# **Set Analyzer**

Le but de ce script est d'analyser statistiquement les différents set de carte du jeu *Magic the Gathering* afin de :


1.   Déterminer les cartes les plus pertinentes dans chaque set
2.   Comparer les métadonnées liées aux cartes entre chaque set

L'objet de l'analyse est de pouvoir objectiver la valeur intrinsèque d'une carte *intra* et *inter* set.

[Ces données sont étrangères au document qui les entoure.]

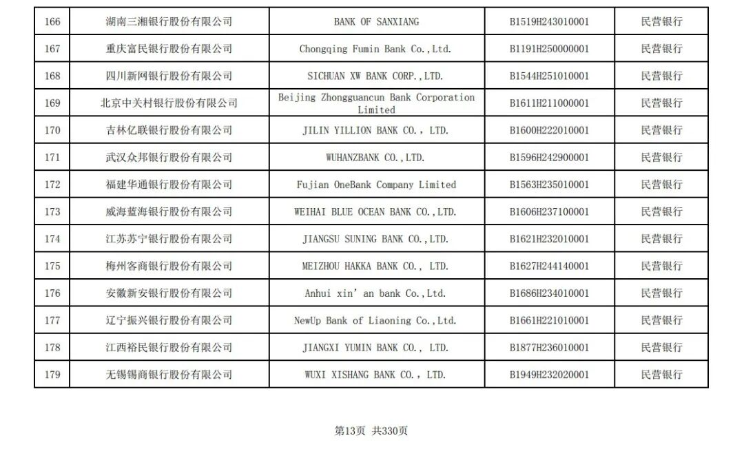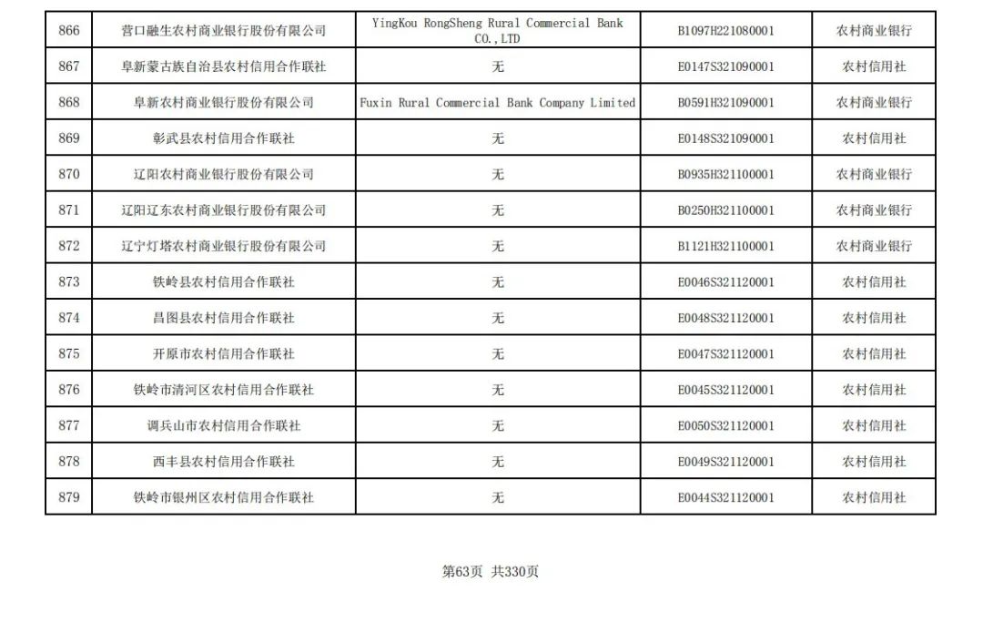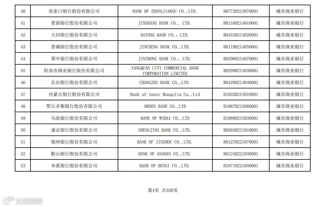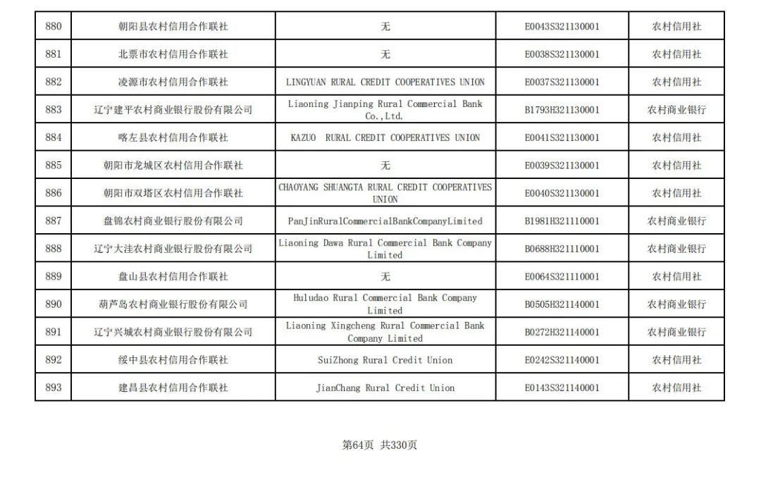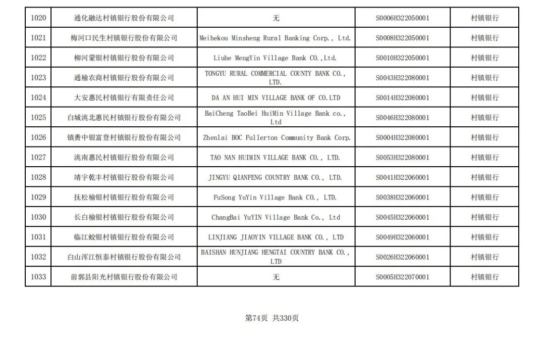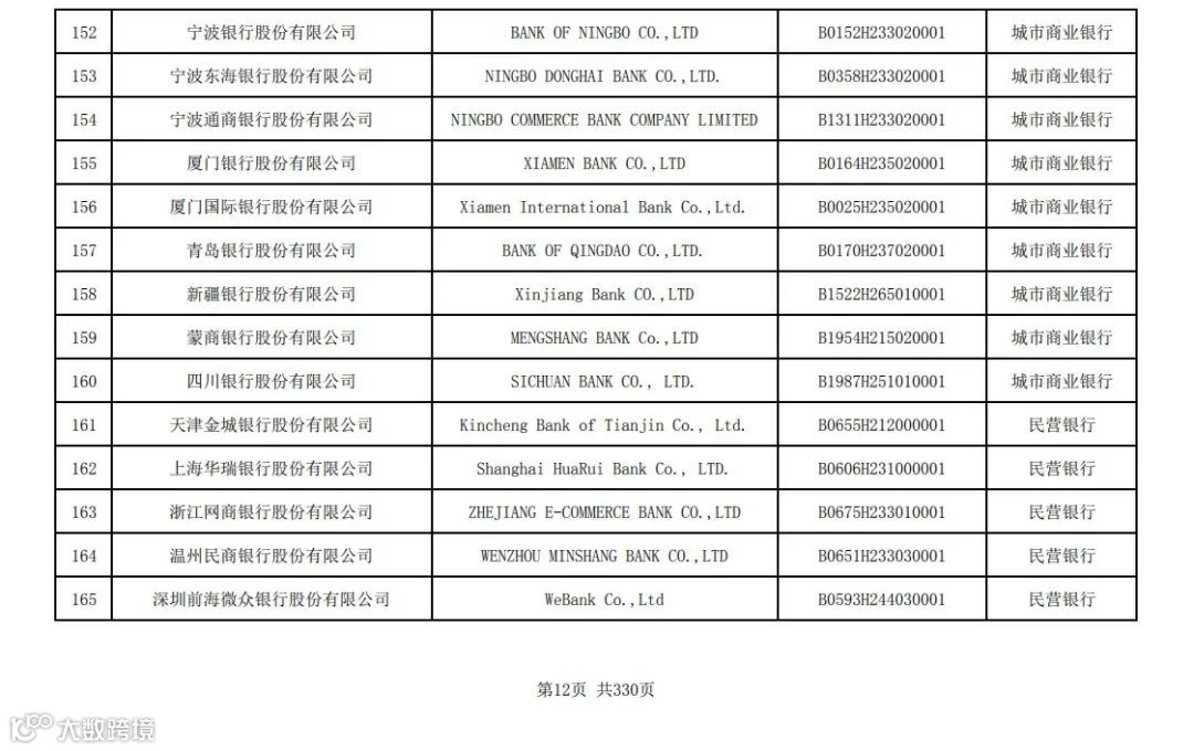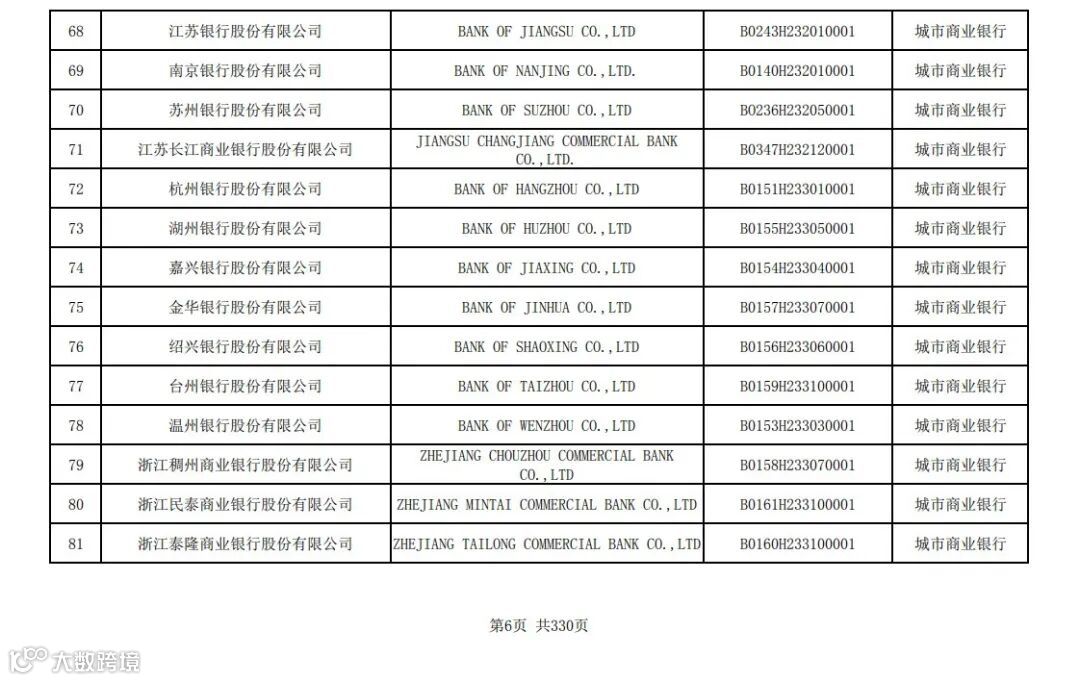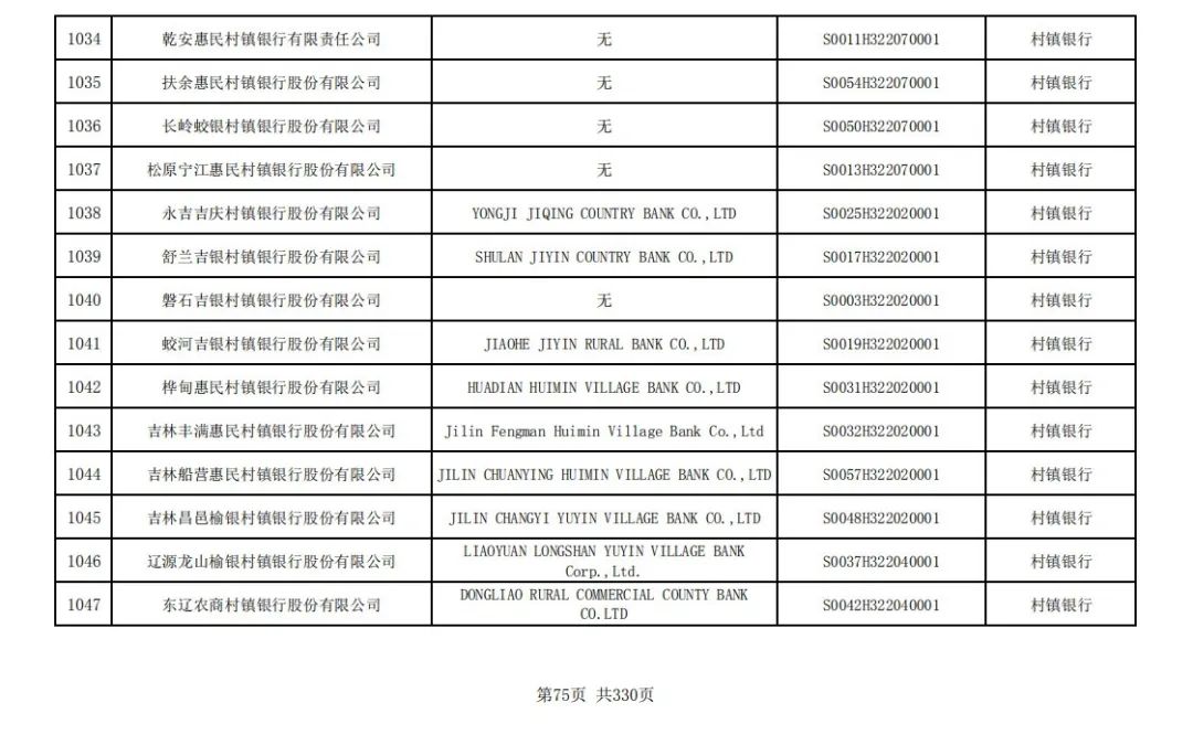 名单中包括1家开发性金融机构、2家政策性银行、6家国有大型商业银行、12家股份制商业银行、5家金融资产管理公司,以及住房储蓄银行、城市商业银行、民营银行、农村商业银行、村镇银行、贷款公司、农村信用社、农村资金互助社、外资法人银行、信托公司、金融租赁公司、企业集团财务公司、汽车金融公司、消费金融公司、货币经纪公司,此外还包括金融资产投资公司、银行理财子公司等在内的其他金融机构等,共计4601家。
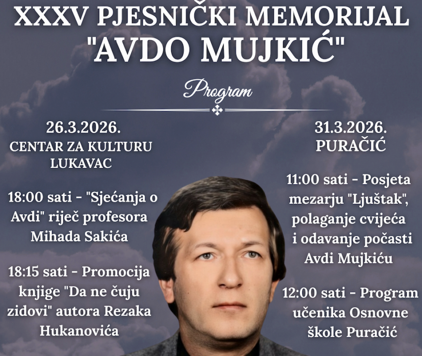 U znak trajnog sjećanja na pjesnika Avdu Mujkića i ove godine okupljamo se kroz riječ, umjetnost i zajedništvo, njegujući ono najvrjednije što je ostavio, iskrenu, duboko ljudsku poeziju.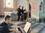 Die wundervoll aufeinander abgestimmten Darbietungen der Sängerinnen Theresa und Sandra Burth sowie Ann-Kathrin Theis zeigten die dramatische Abfolge des Kreuzweges auf. Wunderschön die zwischenzeitliche Begleitung von Sandra Burth mit der Gitarre und Theresa Burth mit der Querflöte. Ann-Kathrin Theis stellte die einzelnen Stationen vor. Niemand von den Besuchern, der nicht gefesselt und tief beeindruckt war.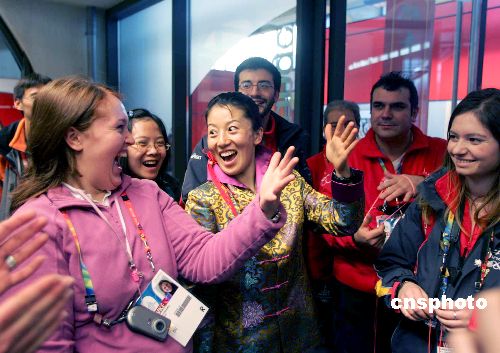 都灵当日时间2月11日,奥运冠军杨扬训练之余在都灵奥运村联想网吧教外国朋友扎中国的幸运结,在中国元宵节之际祝他们吉祥、幸运。作者:武仲林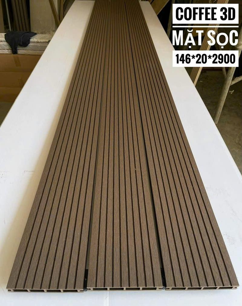 Sàn nhựa ngoài trời lỗ vuông 3D Coffee day 20mm mặt sọc là loại ván sàn làm từ gỗ nhựa composite (WPC), chuyên dùng cho không gian ngoại thất (sân vườn, hồ bơi, ban công), có các lỗ vuông để thoát nước và tăng tính thẩm mỹ, màu nâu "Coffee" ấm áp, vân sọc 3D giả gỗ tự nhiên, dày 20mm, chống trượt, chống nước, chịu lực, bền bỉ với thời tiết.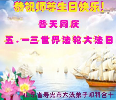 山东省潍坊安丘市大法弟子恭祝师父生日快乐!普天同庆世界法轮大法日!

L'application visée est l'utilisation de ses données afin de performer dans les formats limités (*sealed, draft*)




***draft***

quelques métadonnées utiles

**intraset**
- nombre de cartes + ratios
- card type : couleur, créature / non-créature, rareté
- cout : valeur de mana
- board : power, toughness, evasion (en fonction de keywords: flying, trample, menace, ...)
- interaction : (en fonction de keywords: counter, return, deal damage, ...)
- mana fixing : type de manafix (en fonction de keywords: dork, rock, treasures, ...)

**interset**
- replacer chacune des données précédentes par rapport aux précédents sets
- évaluer : vitesse du set, créatures fragiles, propension de bombes, propension d'interaction, potentiel de fixing, etc





# **Initialisation**

In [137]:
# Import librairies to use in the code

import os
import json
import re
from pathlib import Path
import numpy as np
import pandas as pd
import matplotlib.pyplot as plt
# import seaborn as sns
from tqdm import tqdm

# Import widgets librairies
# import ipywidgets as widgets
from IPython.display import display

Upload data from JSON (dataset from https://mtgjson.com/)

In [2]:
# Set path of the folder containing dataset
dataset_FolderPath = Path.cwd().parent / 'datasets' / 'MTG_datasets' # @dev TBC before each use

# Set path of the File
dataset_FileName = 'AllPrintings.json'
dataset_FilePath = dataset_FolderPath / dataset_FileName

In [5]:
# load all dataset
data = pd.read_json(dataset_FilePath)
allSets = data.iloc[2:]['data'] # 2 first rows of JSON files are metadata

In [21]:
setCompare = allSets.apply(pd.Series)[['baseSetSize', 'code', 'totalSetSize', 'type', 'name', 'releaseDate']]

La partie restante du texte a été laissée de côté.